> _Provided information_
+++

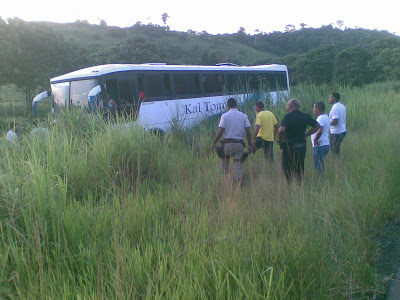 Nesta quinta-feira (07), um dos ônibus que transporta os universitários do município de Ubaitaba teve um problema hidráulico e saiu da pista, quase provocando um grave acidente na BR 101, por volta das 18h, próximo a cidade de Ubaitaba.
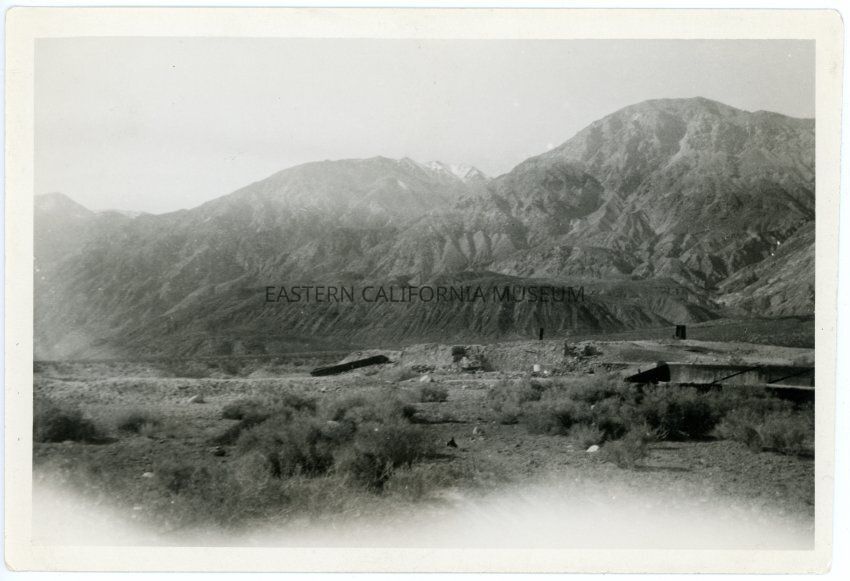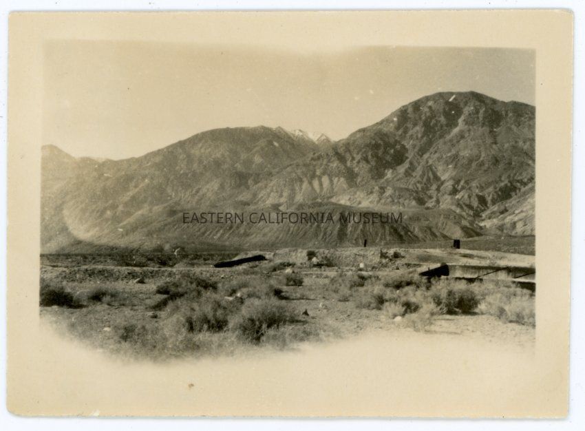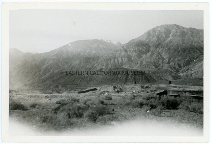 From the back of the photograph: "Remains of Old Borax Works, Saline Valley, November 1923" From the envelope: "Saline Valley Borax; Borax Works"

+++

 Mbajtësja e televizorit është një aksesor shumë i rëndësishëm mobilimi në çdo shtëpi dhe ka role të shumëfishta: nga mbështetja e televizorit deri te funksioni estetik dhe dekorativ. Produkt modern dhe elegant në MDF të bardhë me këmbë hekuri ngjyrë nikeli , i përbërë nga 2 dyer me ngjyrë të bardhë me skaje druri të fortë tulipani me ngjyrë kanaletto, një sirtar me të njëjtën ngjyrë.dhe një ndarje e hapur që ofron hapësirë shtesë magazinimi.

+++

> _Exercise brief_
Output only the lines above from the one containing "Nesta quinta-feira (07), um" to the one containing "From the back", both included, exactly as written and with no pictures.

> _Written answer_
 Nesta quinta-feira (07), um dos ônibus que transporta os universitários do município de Ubaitaba teve um problema hidráulico e saiu da pista, quase provocando um grave acidente na BR 101, por volta das 18h, próximo a cidade de Ubaitaba.
 From the back of the photograph: "Remains of Old Borax Works, Saline Valley, November 1923" From the envelope: "Saline Valley Borax; Borax Works"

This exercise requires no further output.